Question

Figure shows a circular wheel of radius 10 cm whose upper half is made of iron and lower half of wood. The two junctions are joined by an iron rod. Uniform magnetic fields $B = 2\times 10^{-4} T$ exist in space shown. The wheel is set in pure rolling. If it takes 2 s for the iron part to come down and wooden part to go up, then the average induced emf during this period is:

$\text{A.}\quad 1.57 \times 10^{-6} V$
$\text{B.}\quad 1.5 \times 10^{-7} V$
$\text{C.}\quad 15.7 \times 10^{-6} V$
$\text{D.}\quad 1.55 \times 10^{-8} V$

Answer 1

According to Faraday’s law, if there is a change in flux in a coil, it will produce or generate an E.M.F. in the coil. According to Lenz law, the change in magnetic field is opposed in such a manner that the current inside the coil will resist the magnetic field by flowing in a particular direction.
Formula used:
$\phi = BA,|\ E| = \dfrac{d\phi}{dt}$

Complete answer:
As wood is an insulator, thus when the wood part is going into the magnetic field, no current will flow through the wooden frame, due to its higher resistance. Now that we know only through iron frames, the current will flow, thus we can say that the flux is changing continuously because the area in contact with the field is changing continuously. Hence using Faraday’s law, the emf generated will be:
$E = \dfrac{d\phi}{dt}$ [For magnitude only]
Also $\phi = BA$
Hence differentiating the flux equation wrt time, we get;
$E = \dfrac{d(BA)}{dt} = B\dfrac{dA}{dt}$
Hence it will only depend upon the rate of change of area.
Now, let a conducting frame of the shape of a semicircle enter a region of uniform magnetic field (above the blue line as shown in the figure).
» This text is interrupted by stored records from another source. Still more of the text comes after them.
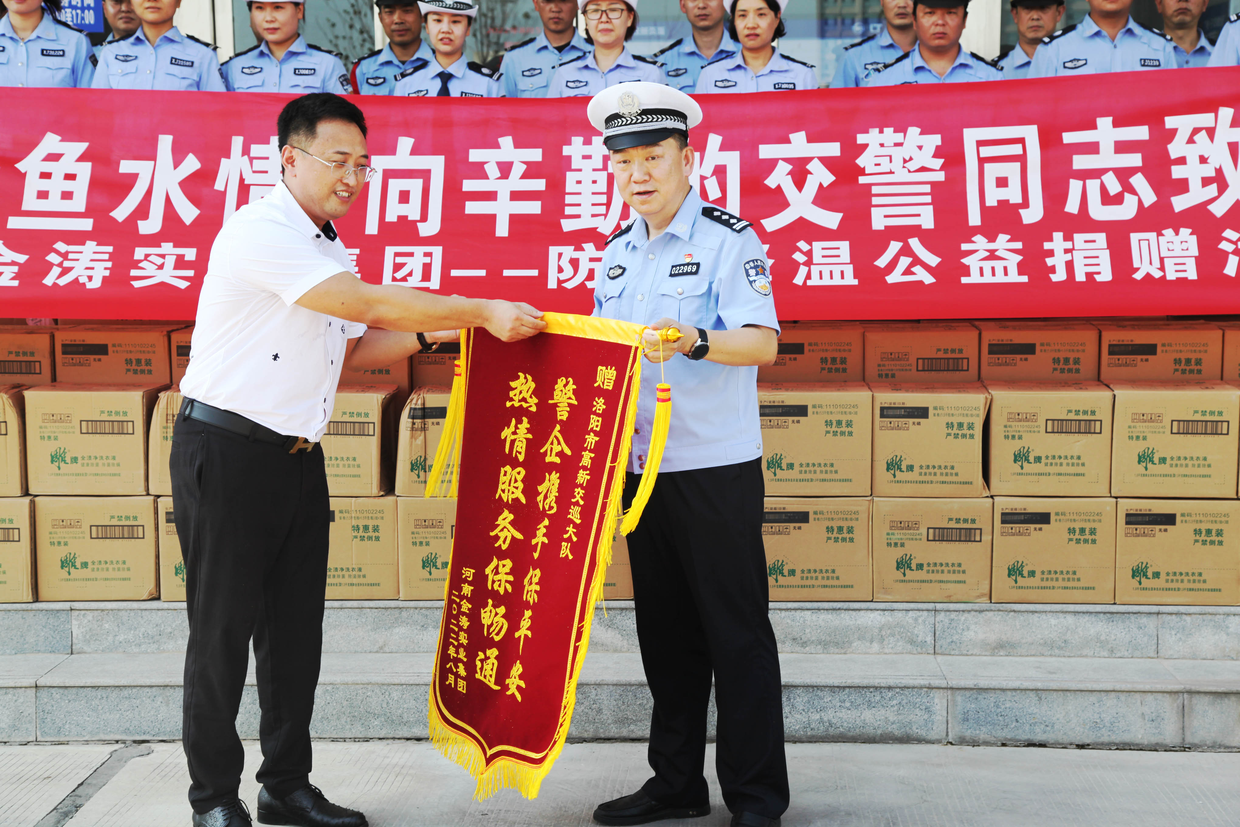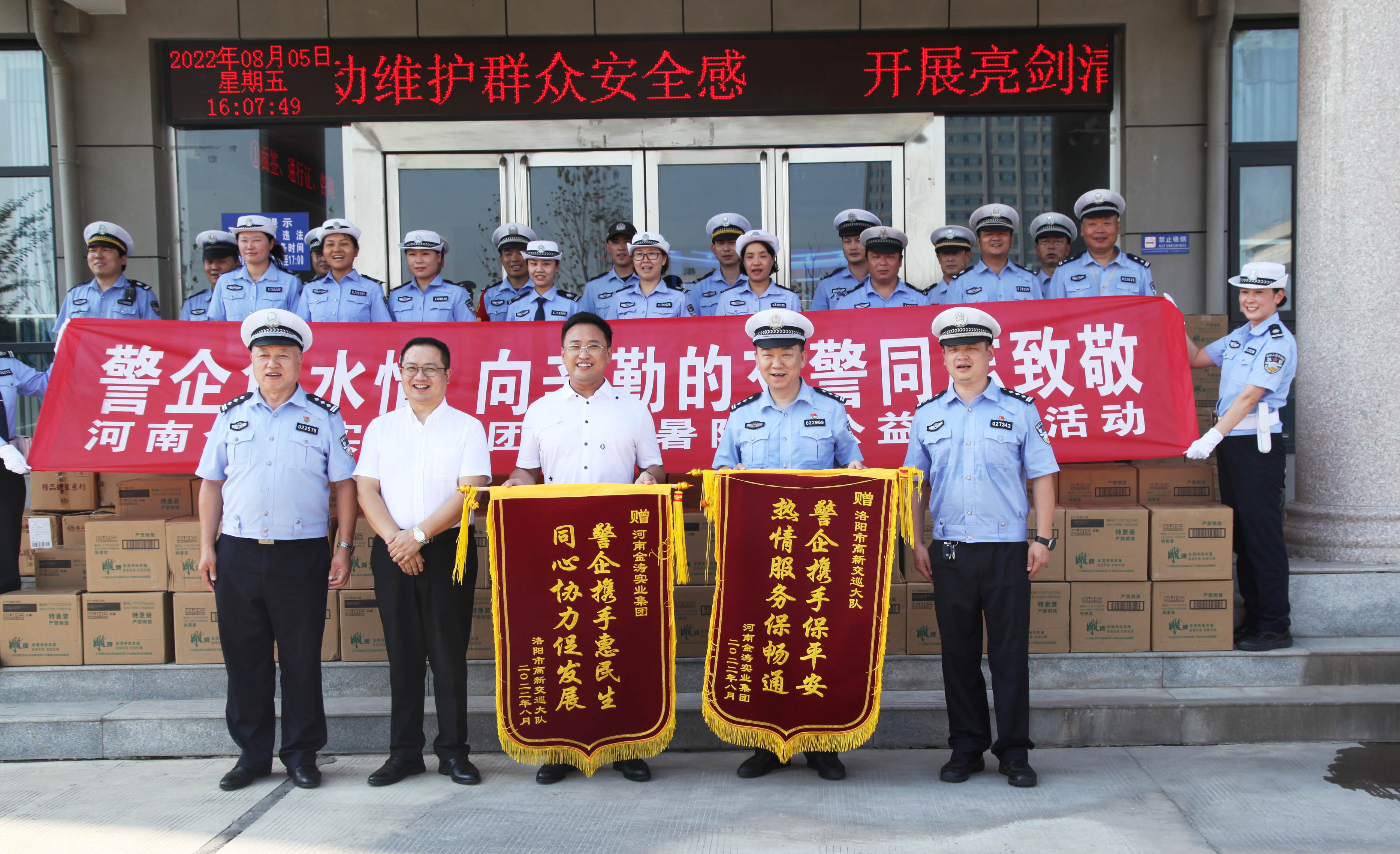 2022年8月5日,金濤實(shí)業(yè)集團(tuán)一行在董事長(zhǎng)李登科的帶領(lǐng)下,到高新區(qū)慰問(wèn)一線交警,并為堅(jiān)守崗位的洛陽(yáng)市高新交巡大隊(duì)捐贈(zèng)了一批防暑降溫物資。高新交巡大隊(duì)表達(dá)了感謝,并為金濤實(shí)業(yè)集團(tuán)授予了“警企攜手惠民生、同心協(xié)力促發(fā)展”的錦旗。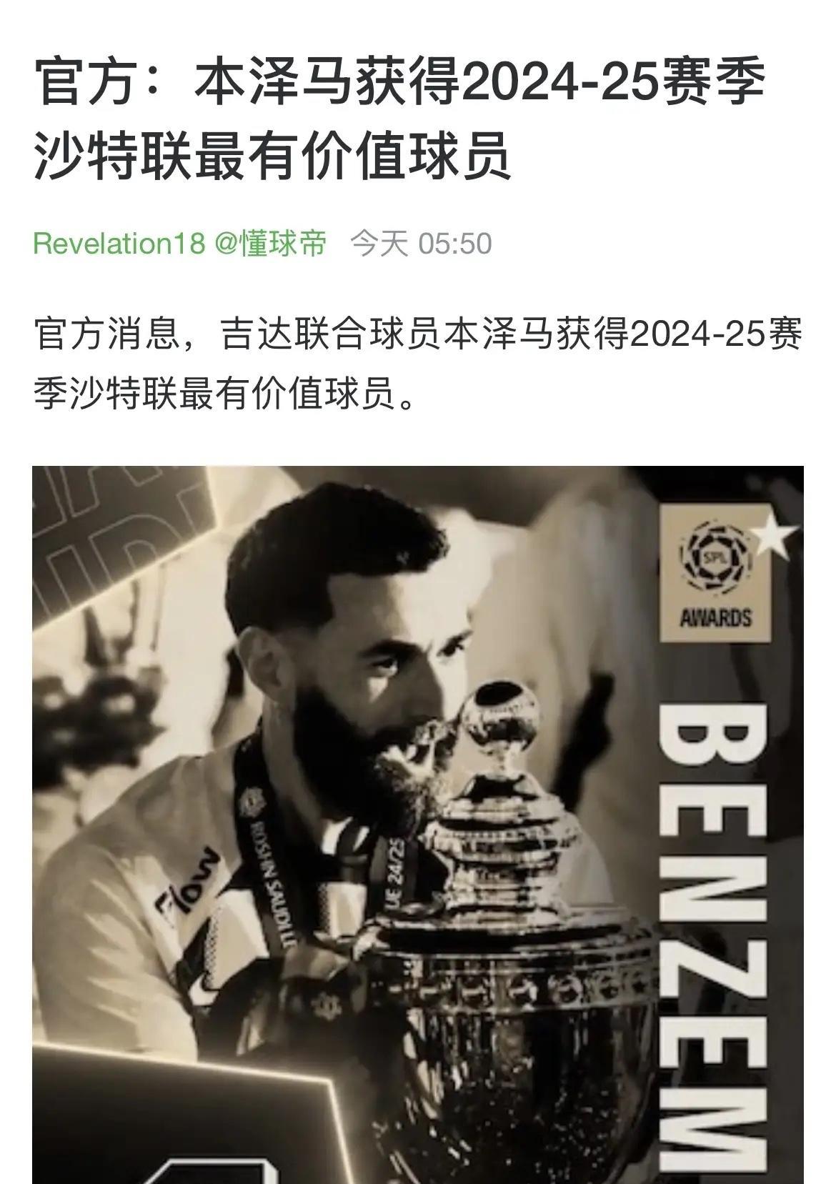 沙特联宣布,C罗当选上赛季球迷票选最佳球员。 虽然他是金靴奖得主,但不仅没有带队夺冠,反而带成第三名,丧失了亚冠资格,不得不去参加亚冠二级赛。 这样的表现,被评为最佳,也就只能是“球迷票选”了。不愧是评西王。 而真正的赛季最佳球员是冠军队吉达联合核心球员本泽马,获得官方奖杯。 地狱空荡荡,魔鬼在人间; 球场空荡荡,罗粉在网上。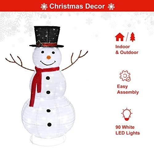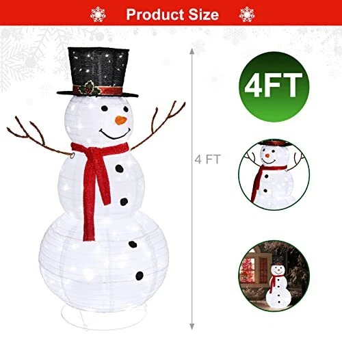 30 Days Return Policy Fast Delivery Trusted seller Snowman Outdoor Christmas Decorations with 90 LED Lights, Lighted Snowman with Top Hat Holiday Ornaments Yard Decor for Home, Lawn and Front Yard-4 FT Product Description 【Attractive Christmas Decor】Our lighted snowman is perfect decoration in Christmas season. With pre-lit lights,the outdoor snowman decor is gorgeous yard art to celebrate your Christmas. 【90 Cool White LED Lights】The snowman is 4 FT height together with 10 FT power cord and prelit with 90 cool white LED lights. The lights glow brightly and warm the hearts of you and your family. 【Easy Assembly & Storage】With easy set up structure, you can assemble snowman Christmas lawn decoration in a few minutes. It is easy to install and take part to storage for next use. 【Durable Structure】The cute twinkling outdoor snowman display is designed with metal connections & snowflakes fabric and coming with stakes to anchor to the ground that make it sturdy in winter months 【Widely Applicable】The size of the 4 FT light up Christmas snowman ornament is perfect and can be used in multiple locations such as yard,lawn and indoor. Shipping Returns Payment Shipping Shipping is FREE to all addresses other than APO/PO boxes in the lower 48 states. All our stock ships from US-based warehouses. Shipped via USPS or UPS (depending on location and package weight) Unless stated otherwise, all orders will ship within 24-72 hours of your payment being processed. Check our feedback to see the great reviews of FAST shipping we offer. Returns As our valued customer, we will do our best to make sure the product you receive arrives to you on time and as expected. If you are not satisfied with your purchase, please contact us within 30 days of receiving your order to process a return. Payment We currently accept payment via eBay managed payments only. Once payment is cleared, we will dispatch your shipment within 1-3 business days. Please refer to the "Shipping" tab for more information regarding shipping speed to your destination.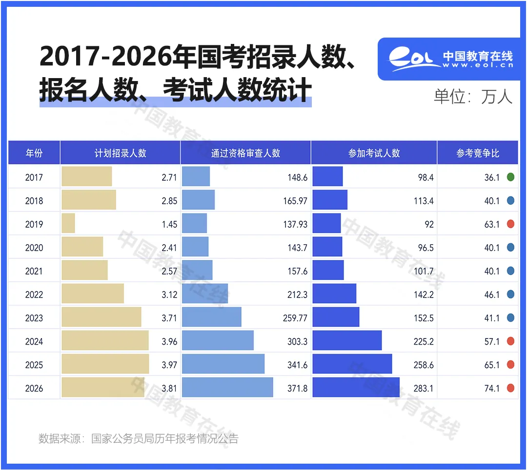 11月30日,2026年公務(wù)員國考開考,通過資格審查的報名人數(shù)371.8萬人(實際參考人數(shù)為283.1萬人),共計劃招錄3.81萬人,比去年減少0.16萬人,錄取比74:1,比去年的65:1有明顯增長。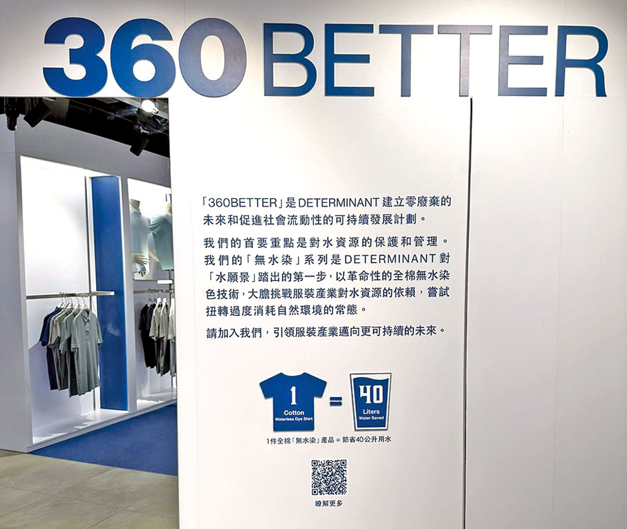 專門店旁邊的產品牆展示DETERMINANT首個「無水染」系列,系列承諾生產過程減少用水,並融入環保概念,同時保持品牌一貫的卓越功能、設計及親民價格。品牌堅信消費者不必就環保選擇承擔「綠色溢價」,因此體現可持續發展概念的全新系列售價與DETERMINANT一般的裇衫、Polo裇和T裇一致。另設高科技零售體驗,客人只需掃瞄RFID碼,便能查看產品資料,更可掃瞄鏡子上的二維碼輕鬆購買產品和結帳。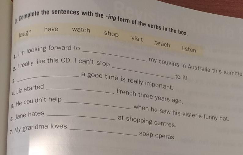laugh have watch 5. 1. I'm looking forward to 2. I really like this CD. I can't stop 3. 4. Liz started He couldn't help shop 6. Jane hates 7. My grandma loves the verbs in the box. visit teach listen my cousins in Australia this summer. to it! a good time is really important. French three years ago. when he saw his sister's funny hat. at shopping centres. soap operas.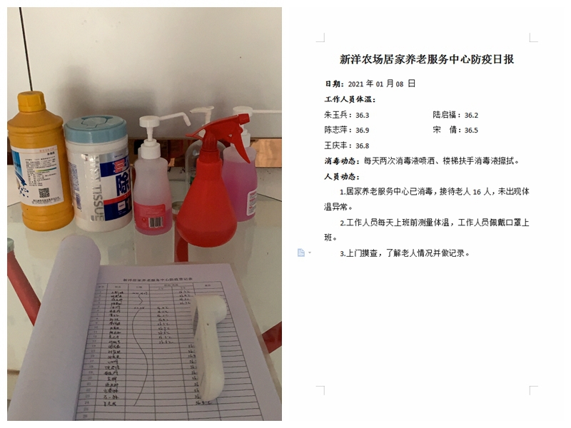 加強(qiáng)日常消毒和體溫監(jiān)測(cè)工作。中心全面加強(qiáng)衛(wèi)生管理工作,嚴(yán)格執(zhí)行消毒制度,保持中心設(shè)施通風(fēng),切實(shí)清除引發(fā)疫情的各項(xiàng)隱患。做好老年人體溫監(jiān)測(cè)和服務(wù)巡查,發(fā)現(xiàn)老年人和工作人員有感染癥狀的,及時(shí)送診,做好中心內(nèi)隔離消毒工作。

Let at an instant, it makes an angle$\alpha$with the magnetic field. Hence the area entered the magnetic field is given by:
$A = \dfrac12 \alpha r^2$
But $E = \dfrac{BdA}{dt}$
Thus$\dfrac{dA}{dt} = \dfrac12 \dfrac{d\alpha}{dt}r^2 = \dfrac{1 }{2}\omega r^2$, where $\omega$ is the angular velocity at that instant.
Also given that it takes 2 s for the iron part to come down and wooden part to go up, hence the loop turns by $\pi$ radian in 2 s.
Hence the angular velocity of loop is $\dfrac{\pi}{2}rad \ s^{-1}$
Thus $\dfrac{dA}{dt} = \dfrac{1}{2} \times \dfrac{\pi}{2} \times r^2$
Hence $E = \dfrac{BdA}{dt}$
$E = \dfrac{\pi Br^2}{4}$
Hence putting values of magnetic field and radius, we get;
$E = \dfrac{3.14 (2\times 10^{-4})(0.1)^2}{4} = 1.57\times 10^{-6} V$

So, the correct answer is “Option A”.

Note:
In the question, we are asked to find the average E.M.F, why so? This is because according to Lenz law, whenever there is a change in magnetic flux, the body or loop will oppose the change. Hence the angular velocity of the loop must decrease with time. But since we didn’t consider this effect, the value is approximate.